For each booking, there should be at-least 1 guest, here guests are of three categories: * Adults * Children * Babies We have combined all three and added a new column called “total_guests”.

But in data we have around 180 rows which have 0 guests. So we are removing those rows directly, as booking without guests doesn’t make sense.

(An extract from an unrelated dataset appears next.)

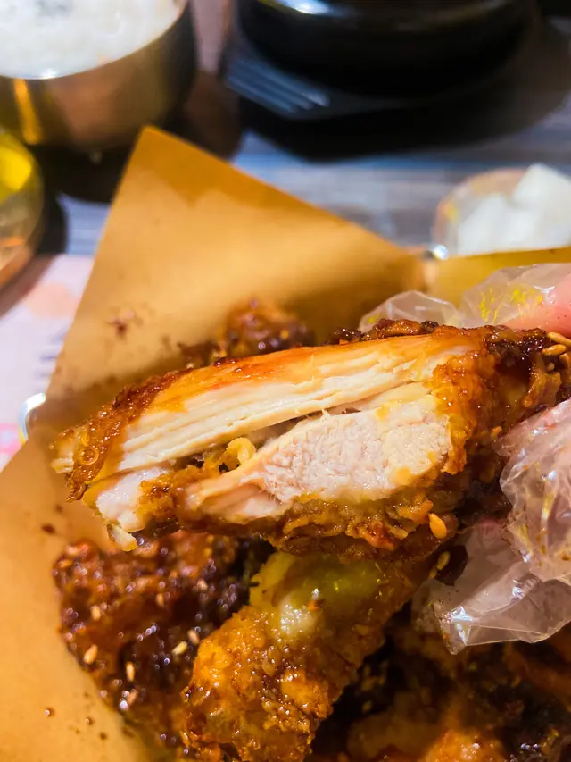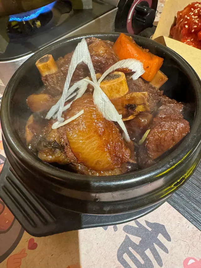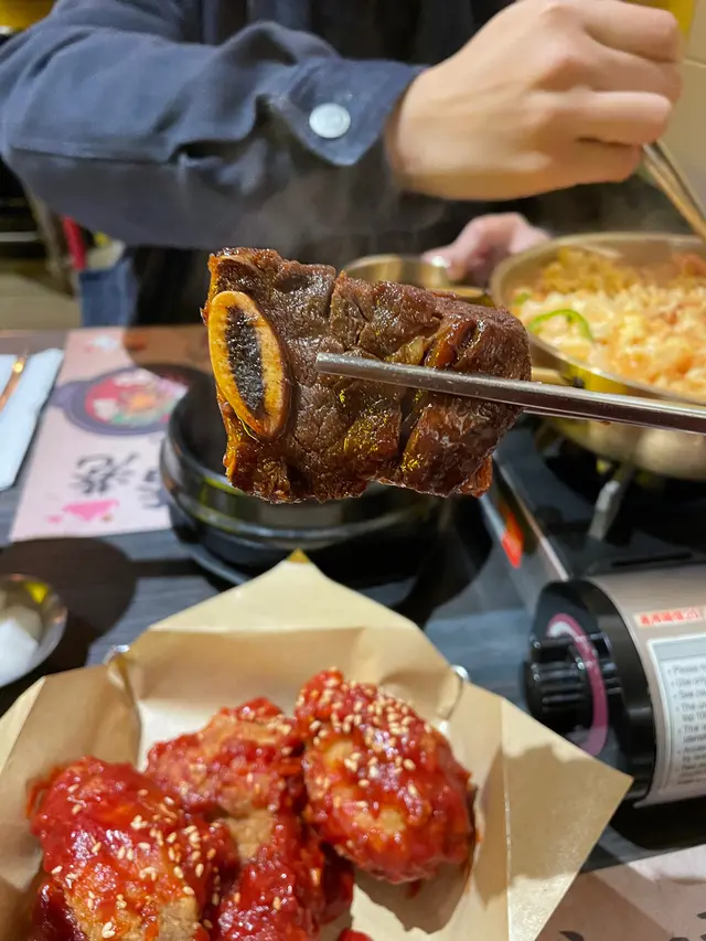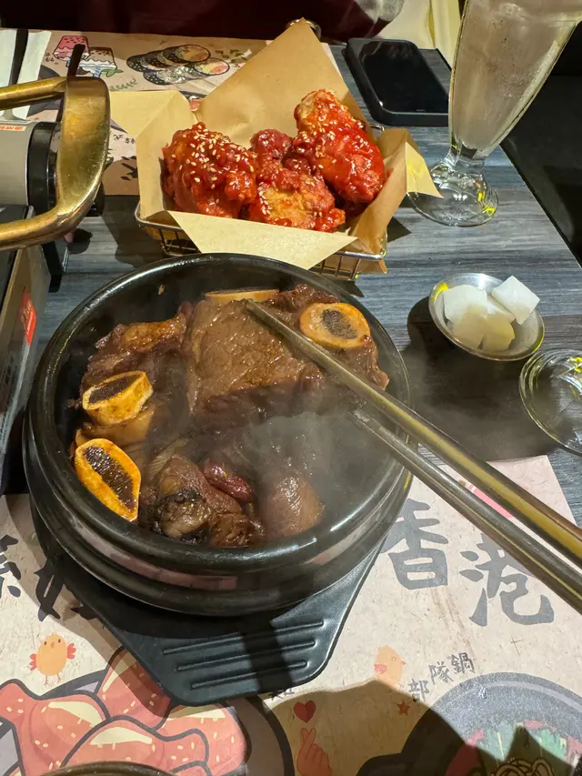 尖沙咀真係好多韓國餐廳機緣巧合下喺IG見到呢間咯咯🐔雞,見到佢啲嘢食好吸引,食過一次返尋味,今晚叫咗另一個朋友介紹佢試😛一開始見佢個餐廳名,以為佢淨係賣炸雞🍗點知原來佢都有好多唔同嘅嘢食😍飯卷部隊鍋牛肋骨炸雞煎餅😋應有盡有!而且都好出色今次我兩個女仔都比較細食,但又想比朋友試曬佢嘅招牌🥹所以我哋決定叫個二人餐😎套餐先四百幾蚊,但已經有齊炸雞部隊鍋牛肋骨同兩杯飲品👍🏻👍🏻炸雞我哋揀咗甜辣口味,雞外脆內軟,一啲都唔會厚粉,而且我估佢應該係即叫即炸,熱辣辣勁脆身👍🏻淋醬又唔會好多啱啱好,唔會好辣,大人細路都啱食~部隊鍋唔使多介紹,午餐肉芝士腸仔辛辣麵必須有!套餐先有呢個迷你鍋,但其實我覺得一啲都唔細🤣🤣兩個人食都夠晒飽牛肋骨簡直係臥虎藏龍🤩完全估唔到佢咁好食😍佢用咗石頭鍋飯嘅煲去裝住,所以好保溫👍🏻入面有六七嚿大大嚿嘅牛肋骨😋煮得好腍好入味好惹味,仲有啲蘿蔔,又係煲到勁腍😋送飯一流!可以食2碗🤣🤣飲品都好正,好大杯,唔會死甜,配埋炸雞💯💯推介士多啤梨乳酪飲🤭餐廳喺馬路旁邊好易搵,門面都幾大間又光猛,坐得都好舒服,唔會同隔籬枱手踭碰手踭🙈🙈服務態度都好友善,主動加水收走啲碟💪🏻同朋友聚會揀呢度就啱晒😎查看更多

hotel_data <- filter(hotel_data, total_guests > 0)
count(hotel_data[duplicated(hotel_data),])
## # A tibble: 1 x 1
##       n
##   <int>
## 1 31980
count(unique(hotel_data[duplicated(hotel_data),]))
## # A tibble: 1 x 1
##       n
##   <int>
## 1  8161

There 31994 duplicate values in hotel data set. Every column for these duplicate values are same. But we are not exactly sure of the reason for the duplicacy. As we don’t have any unique identifier like customer name, we are not removing these duplicate rows from the data. In real world scenario, we can check with the client the reason for the duplicates and decide on how to deal with them.

Outlier Detection

Plots of Various numeric variables

par(mfrow=c(3,3))

boxplot(hotel_data$adults,main = "Boxplot : # of Adults")

boxplot(hotel_data$children,main = "Boxplot : # of Children")

boxplot(hotel_data$babies,main = "Boxplot : # of Babies")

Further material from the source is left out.